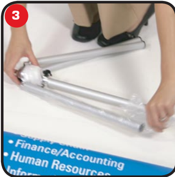
3 Remove plastic bags from legs of the unit and protective covering from the base.
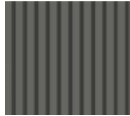
R-1 METAL ROOF AEP SPAN PBR "COOL ZINC GRAY"
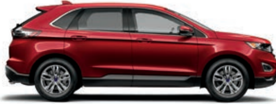
Ruby Red Metallic Tinted Clearcoat
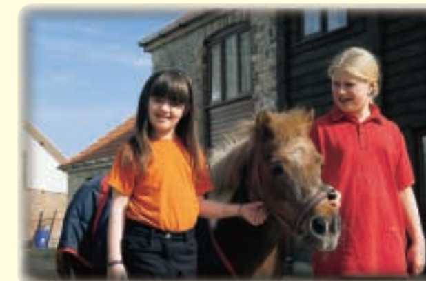
"Brandy The Shetland Pony behind the Granary"

# What the task requires
Your reply should hold exactly the lines from the line containing "R-1 METAL ROOF" through the final line of the listing, and none of the pictures.

# Response to this task
R-1 METAL ROOF AEP SPAN PBR "COOL ZINC GRAY"
Ruby Red Metallic Tinted Clearcoat
"Brandy The Shetland Pony behind the Granary"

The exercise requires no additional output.